If the lifetime of the temporary ended with the function body, the assignment (which reads the temporary via the returned reference) happens afterwards and that's UB. Essentially,
int const &r = f(3);
and
int r = f(3);
would both be UB under that implementation-defined case.
The posted article, second row of "common mistakes", describes returning a const reference parameter, when called with a prvalue, as blanket UB.
"6.1 A temporary object bound to a reference parameter in a function call persists until the completion of the full-expression containing the call."

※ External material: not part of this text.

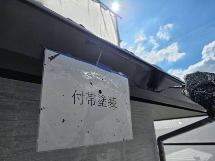 外壁の上塗りの様子です。仕上げ塗りで膜厚をつけて防水性を高めて色のムラが出ないように仕上げています。下塗り同様メーカーが定める希釈率・缶数管理は厳守で行っております。付帯塗装 (樋)

So, while the parameter's (the reference "int const &a") lifetime is implementation-defined, the temporary to which that parameter refers to is the full expression of the call. Sanity is restored.
const int& f(int parameter) { return parameter; }
const int i = f(42);
Is strictly undefined behavior under the simpler C++03 rules/wording of 5.2.2/4: "The lifetime of a parameter ends when the function in which it is defined returns.")
P0135R0 would loosen the requirements on parameter's lifetime as a means of enabling guaranteed copy elision, in such a way that an implementation could technically decide to make this to have defined behavior (not that I suggest relying on it!)
The posted article, second row of "common mistakes", describes returning a const reference parameter, when called with a prvalue, as blanket UB.
Finally someone clarified: https://timsong-cpp.github.io/cppwp/class.temporary#6.1
"6.1 A temporary object bound to a reference parameter in a function call persists until the completion of the full-expression containing the call."
So, while the parameter's (the reference "int const &a") lifetime is implementation-defined, the temporary to which that parameter refers to is the full expression of the call. Sanity is restored.